Наряду с ранее публиковавшимися произведениями тюменского писателя в книгу вошли и новые его рассказы. Стержневая тема сборника - жизнь и труд геологов Севера.

Свердловск Средне-Уральское книжное издательство, 1985

Мамонты и фараоны
(Повесть)

Глава первая

Давно уже не содрогалась наша планета так мощно и судорожно, как в марте тысяча девятьсот пятьдесят шестого года. Колыхнулась Камчатка. Сопка Безымянная, немая, окованная в лед, безымянная горушка в три тысячи метров - взорвалась. Вершину ее сорвало, стряхнуло словно пепел с окурка; развороченное жерло гудяще раскрыло глубины, а столб пепла смерчем поднялся на сорок километров. Клокотала, причмокивала, расплавленно пузырилась, окаменевала и трескалась кожица юной земли. Над ней полыхали ею же рожденные грозы, обрушивались горячие ливни грязи, но она не захлебывалась, а первородно поднималась из пара и зазывала к себе глубинным голосом.

- По ночам там не уснуть, - взъерошенный, раскаленный Витька мечется по комнате, натыкается коленками на стулья и диковато отсвечивает пожелтевшими глазами. - Вулкан ворчит подземельно: ур-р-р-ру из конуры, земля дрожит по-собачьи, газ гадючий и пар из трещин истекают бесшумно. Обволакивают все… Нет, не уснуть… Кам-чат-ка!

Мы бились за эту сопку, за эту Безымянную в мыле и в пене, изворачивались, сгибались в три погибели, перебаламутили кафедру и деканат… И вот добились.

Сейчас май пятьдесят шестого, сессия за четвертый курс университета, одетый в зелень Саратов и направление на Камчатку - преддипломная практика у жерла неостывающего вулкана. Будто вымолили, выклянчили свидание у непостижимой женщины, и теперь пришло состояние томления и ожидания: ты изнемогаешь от нетерпения, но тебя держит крепко время, срок, и натягиваешь до предела нервы - только бы не сорваться, И почему вдруг Камчатка? Потому что так громко позвала из своего далека? Или дотронулась до честолюбия, ударила по тем глубинам, что таятся в нас и выбрасывают, как из катапульты, в неизвестное? Кто знает, откуда проникает в нас зов далеких земель…

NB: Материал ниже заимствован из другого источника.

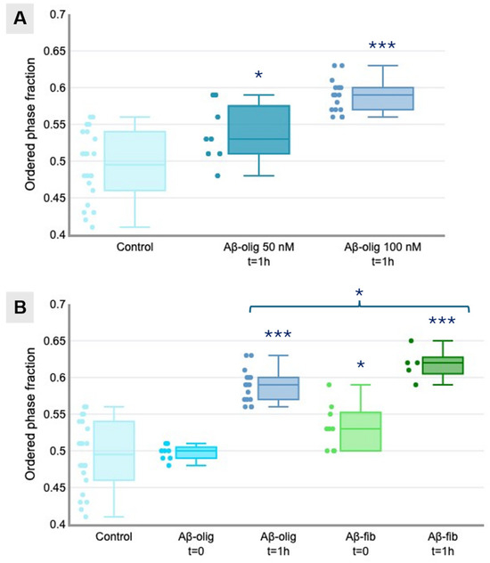 The calculated fractional intensities are reported in Figure 2 as box plots for easy comparison. Figure 2A shows that after one hour of incubation with Aβ-olig 50 nM, a perceptible increase in the degree of membrane order can be observed (*, p ≤ 0.05, Student’s t-test), and that this degree further increases if incubation is performed with a 100 nM concentration of peptide (***, p ≤ 0.001, Student’s t-test), reaching an average Lo fraction of 0.59.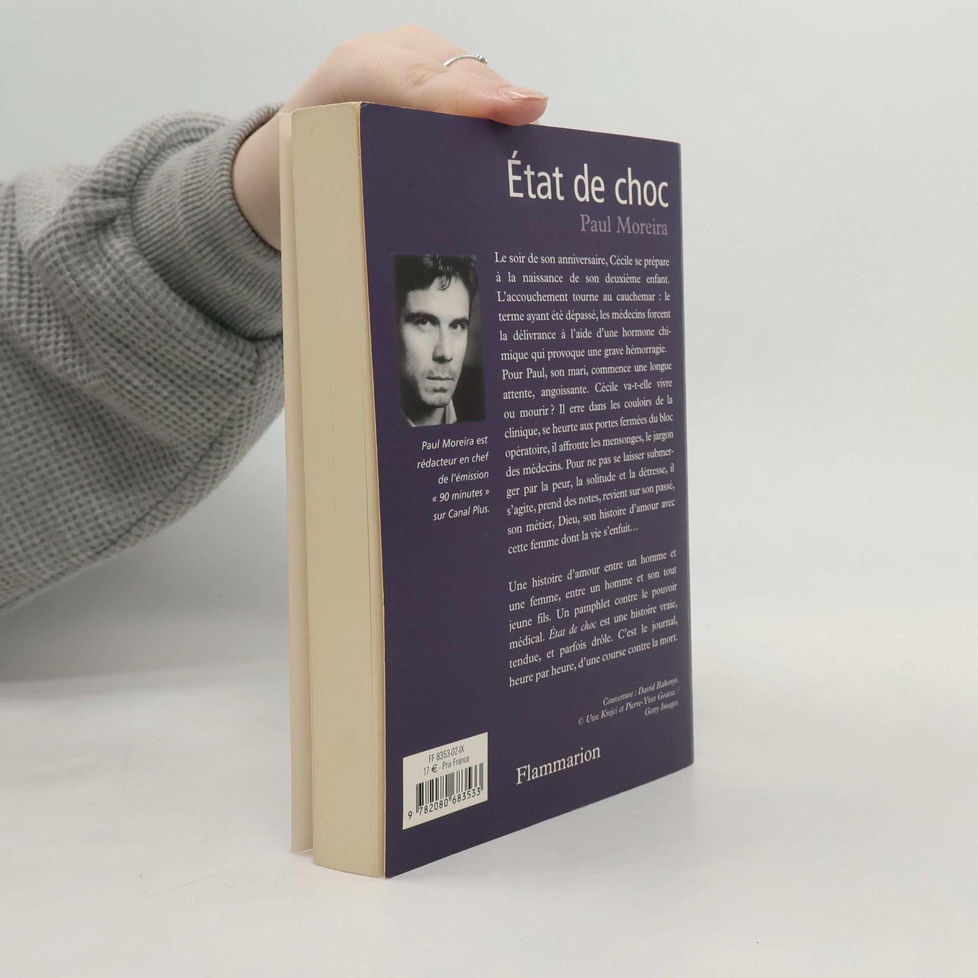 Le soir de son anniversaire, Cécile se prépare à la naissance de son deuxième enfant. L'accouchement tourne au cauchemar : le terme ayant été dépassé, les médecins forcent la délivrance à l'aide d'une hormone chimique qui provoque une grave hémorragie. Pour Paul, son mari, commence une longue attente, angoissante. Cécile va-t-elle vivre ou mourir ? Il erre dans les couloirs de la clinique, se heurte aux portes fermées du bloc opératoire, il affronte les mensonges, le jargon des médecins. Pour ne pas se laisser submerger par la peur, la solitude et la détresse, il s'agite, prend des notes, revient sur son passé, son métier, Dieu, son histoire d'amour avec cette femme dont la vie s'enfuit... Une histoire d'amour entre un homme et une femme, entre un homme et son tout jeune fils. Un pamphlet contre le pouvoir médical. Etat de choc est une histoire vraie, tendue, et parfois drôle. C'est le journal, heure par heure, d'une course contre la mort.

В Фиолетовых закатах тихо протаивают дни, и душно пахнет сиренью. В комнату, где мы заживо замуровали себя, приглушенно доносится Волга, сипловатые голоса пароходов, вечерние шорохи притомившегося города. Мы подгоняем дни, досрочно сдаем экзамены, и наши сны разрывают вулканы.

Вот здесь-то и заявился к нам Николай Басков, громоздкий и шумный, и тесно ему в студенческой комнатушке, словно бульдозеру среди керамики.

- Что-то нас много стало, - прищурился Витька.

- Камчатка, да? Гейзеры там, да? - загремел Николай, распахнул белозубый рот, и его приятно видеть, крупного, тугого и загорелого. - Камчадалы, черт вас возьми. Захожу сегодня к декану, а тот тоненько ухмыльнулся: "На гейзеры собрались. А может, на грязевые ванны".

- Гейзеры! - отрезал Витька. - И вулкан еще, Безымянная сопка, понял?

- Что безымянная, понял. И то, что вам делать там нечего, тоже понял. Вул-ка-ны?! - голос Николая дробится смешком, наливается ехидством и холодит лезвием. - Земля там дышит в пару, а? Желаете вкусить пер-воз-данность? Плутонисты! - презрительно фыркнул он и засел за стол.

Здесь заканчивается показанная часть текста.